Witches on the Intarwebs

Yes, I am aware that we’re blowing through bandwidth around here like it was going out of style. Some of you people will have to find somewhere else to waste productive work hours. (I’m looking in your direction, Seal Online people. That project is dead. Move on.)

I was out of town this weekend, but I did arrive home, to my beloved World of Warcraft, in time to witness what had to be The Best Ironforge Conversation of the Week:

Women on the Intarwebs

Well played, Moon****. Well played.

P.S. I see there’s a patchlet available today for World of Warcraft, version 1.12.1, which will take 38 years to bittorrent. No time like the present, DO IT NOW!!

The Emo Tank

I’ve got to believe that my guild is not the only one that’s experienced this phenomenon: The Emo Tank. I’m going to believe that because the other explanations are too horrifying — we as a guild are somehow attracting these nutbars, or, worse, we are the cause of said nuttiness.

Some background. Once upon a time, we were allied with another guild for raiding purposes. Their main warrior had this habit of doing a stream-of-consciousness play-by-play commentary for every single boss fight. Something like this: “I’m at 80 health, gonna need a heal soon, ok, got a heal, thank you whoever that was, now Onyxia is at 95, I’ll need more heals, knockback!! ok got a heal, I’ll try to find a good spot to stand, we’ll have phase two when it’s time, I’m at 70 health, 65!!! ok got a heal, thanks again, think I found a good spot, I’M TAKING SERIOUS DAMAGE HERE, ok healed …”

Oh ya, it was hilarious. So I did an impression one night of his Ventrilo play by play. My impression was very popular and spawned many other variations for everyone’s amusement. HE, however, was not amused. I got yelled at for being a dick and I apologized. (Between you and me, it wasn’t a sincere apology. That shit was funny — he was being too sensitive.)

As I’ve told you before, that alliance ended the one day and that was the end of our first Emo Tank encounter, although we hadn’t coined the term as of yet.
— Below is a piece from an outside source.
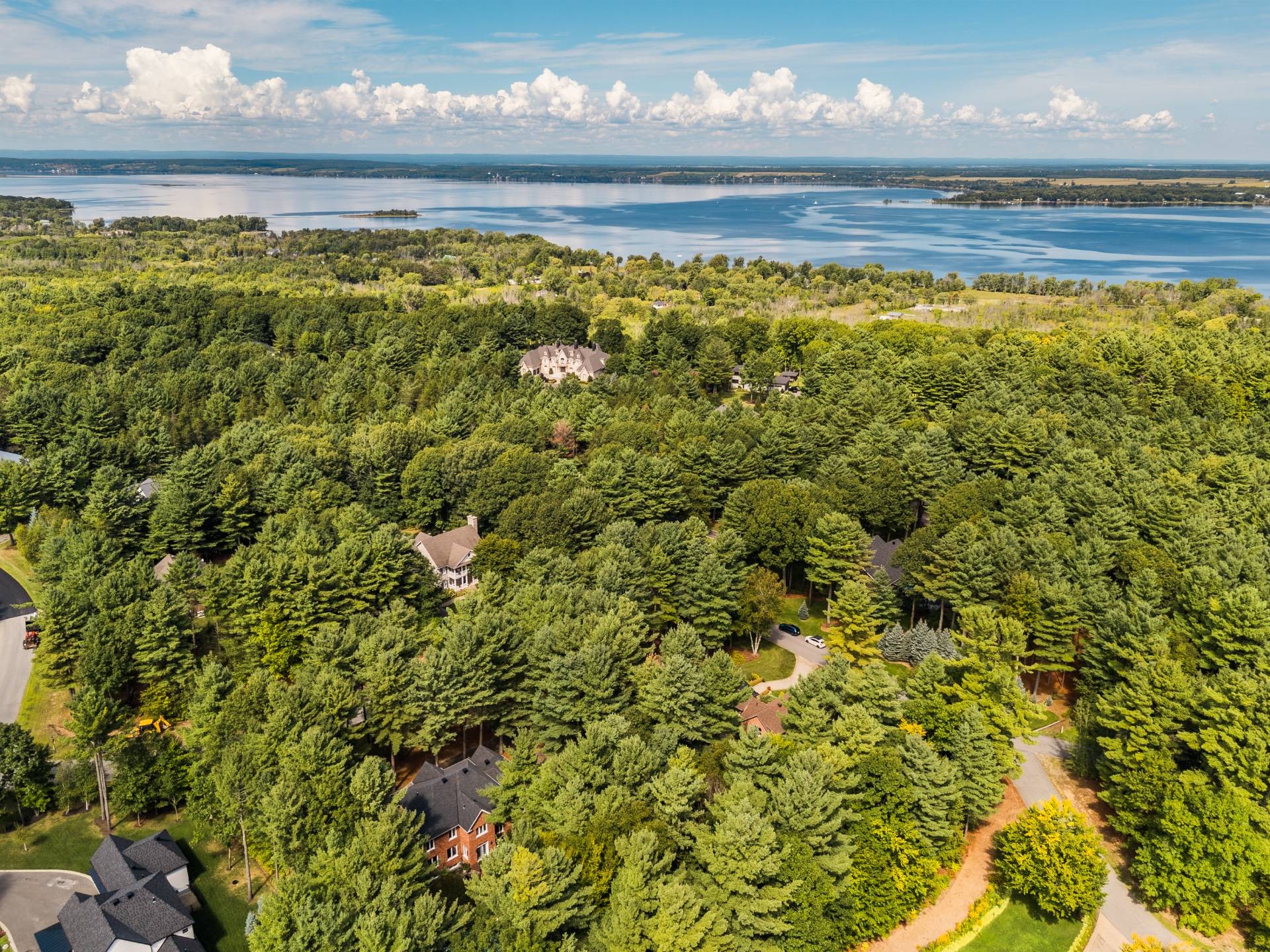 Ce domaine de 4 acres au bord de l'eau offre une élégante résidence en pierre de 5 CACs et 257 pieds de bord de lac, avec des vues panoramiq...

Fast forward a few months and we have this secondary tank in the guild — some would call him the primary offtank, the #2 warrior. Basically, he’s the guy that offtanks the second most troublesome add/guard in a boss encounter or he’ll tank the boss itself if the MT (that’s Mr. Main Tank to you kids!) loses aggro for some reason.

This new emo warrior would regularly descend into self deprecation and long-winded apologies whenever the boss fight or the raid didn’t go well, which was really annoying because he’d need reassuring for 15 minutes and he’d have to talk to a guild officer and he wanted the MT (that’s Mr. Main Tank to you peons) to evaluate his tanking skills and on and on until no piece of uberness could ever be worth dealing with that shit.
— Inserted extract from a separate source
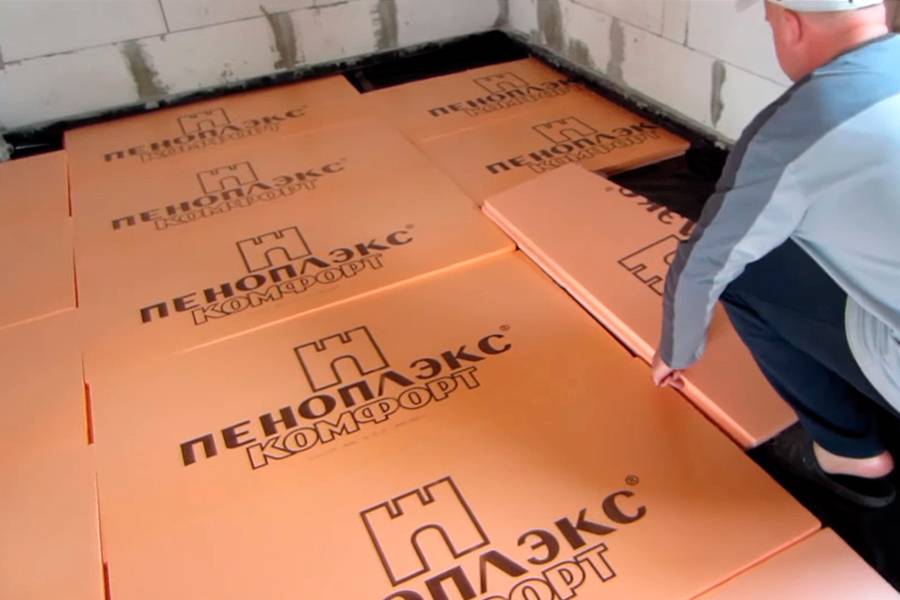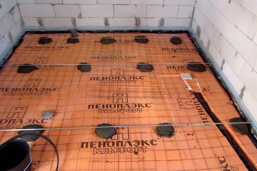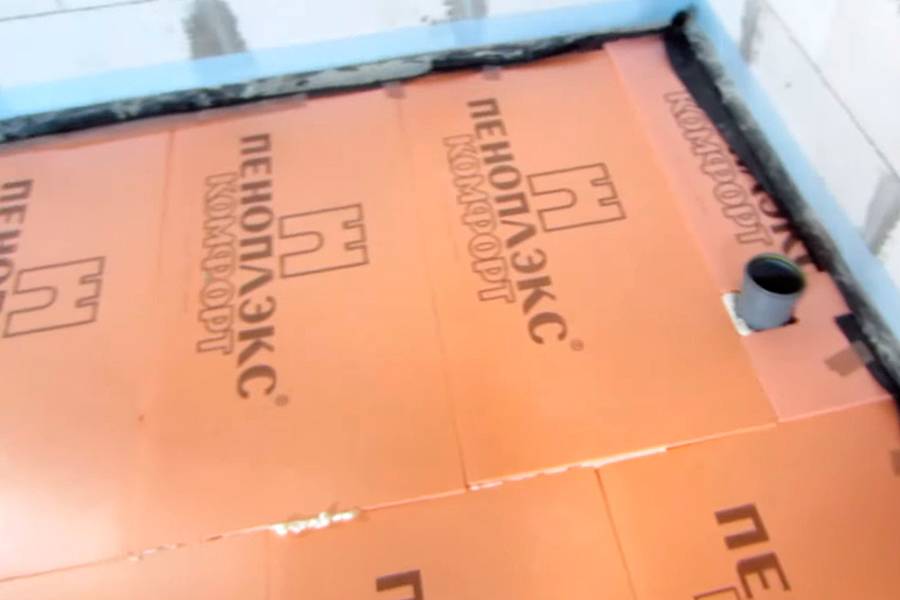 Укладка слоя утеплителя проводится на гидроизоляцию, и оба слоя загибаются на стены. Для утепления используют пенопласт или жесткую минвату.

Exhausted of this love-me-now routine, I rebuked him one night, by telling him to “Save it for your Myspace, man”. And, out of that rebuke, a running bit in /gu chat and Ventrilo about The Emo Tank and his Myspace was born.

“Dear Myspace, I screwed up the Razorgore kiting today. I need a hug.” “Dear Myspace, I disconnected during the Skeram fight. I’m so ashamed.” “Dear Myspace, I think my guild wants to /gkick me. I feel so alone.”

OF COURSE, his feelings were hurt and I got yelled at for being a dick. Again.

He left the guild after a time (no, not because of The Emo Tank stuff), and one little side benefit of his departure, so we figured, was no more Emo Tank — how wrong we were.